Penambangan ini memang memberi manfaat ekonomi, namum pada saat
yang sama juga menimbulkan kerusakan lingkungan yang massif. Di daerah
Horsik sampai Panamean, berdasarkan Survey BLH tahun 2007 ditemukan 34
titik penambangan batu pada daerah sepanjag 6 km dari dinding danau.
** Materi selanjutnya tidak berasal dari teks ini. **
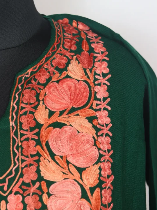 Made from cashmilon wool, this stylish Kashmiri pheran appears in dark green colour. It has been adorned with floral aari embroidery at neckline.It represents Kashmiri winter wear and includes both side pockets for usability.

Tebing danau yang berupa bebatuan digali bahkan sampai mencapai puncak
tebing. Penambangan ini sangat merusak ekosistem, menimbulkan erosi,
sedimentasi, kekeruhan, menambah lahan kritis dan berpeluang untuk
melongsorkan/meruntuhkan dinding danau.
3. Ancaman Keanekragaman Hayati
Keanekaragaman hayati (kehati) pada kawasan Danau Toba telah
mengalami ancaman, baik habitat daratan maupun habitat perairan. Terdapat
berbagai faktor penyebab terancamnya kehati pada kawasan ini diantaranya;
perusakan habitat karena kebakaran, konversi lahan, aplikasi pestisida,
pembuangan limbah, penyempitan luasan habitat, introduksi spesies asing,
maupun serangan hama dan penyakit serta bencana alam banjir, longsor atau
gempa. Pada saat ini terjadi blooming ikan Pora-pora (Puntius binotatus) di
Danau Toba dan pada saat yang sama nelayan kesulitan menangkap ikan
Mujair (Tilapia mossambica), salah satu spesies asli danau ini yang sudah
mulai sulit ditemukan di perairan Danau Toba.
BAB III
PENUTUP

3.1 Kesimpulan
Berdasarkan uraian di atas mengenai kawasan Danau Toba dapat
disimpulkan bahwa:
1. Keindahan Danau Toba serta kelimpahan sumber daya alamnya menjadi
daya tarik bagi masyarakat mulai dari sumber air yang dimanfaakan sebagai
air minum hingga menjadi sumber pembangkit listrik tenaga air (PLTA)
dengan potensi total sekitar 1056 MW, yang terbagi dalam 5 kelompok
pembangkitan yang tersebar di sekitar kawasan Danau Toba dan menjadi
tempat budidaya ikan laut dengan menggunakan Keramba Jaring Apung.
2. Berdasarkan kondisi eksisting, analisis dan ultimate profil yang hendak dicapai
Kawasan Danau Toba, maka perlu dirumuskan ultimate goals pengembangan
Kawasan Danau Toba dengan tujuan dan sararan pengembangan Kawasan
Danau Toba mempertimbangkan arahan kebijakaan pembangunan Nasional,
Regional dan Lokal serta potensi kawasan Danau Toba. Indikasi program
Inkubasi Pengembangan Kawasan Danau Toba diturunkan dari Ultimate Concept
pengembangan infrastruktur Kawasan Danau Toba dengan program infrastruktur
PUPR dan Non PUPR tahun 2017-2020.

3.2 Saran
Dengan adanya makalah singkat ini, penulis mengharapkan agar masyarakat
terkhusus masyarakat kawasan sekitar Danau Toba sadar dan lebih paham lagi
seberapa pentingnya pengaruh dan manfaat dari Danau Toba. Baik masyarakat
sekitar maupun para wisatawan lokal maupun mancanegara dapat membantu
mempromosikan daerah wisata Danau Toba sehingga pengembangan daerah
dapat berjalan sesuai program yang direncanakan oleh pemerintah daerah.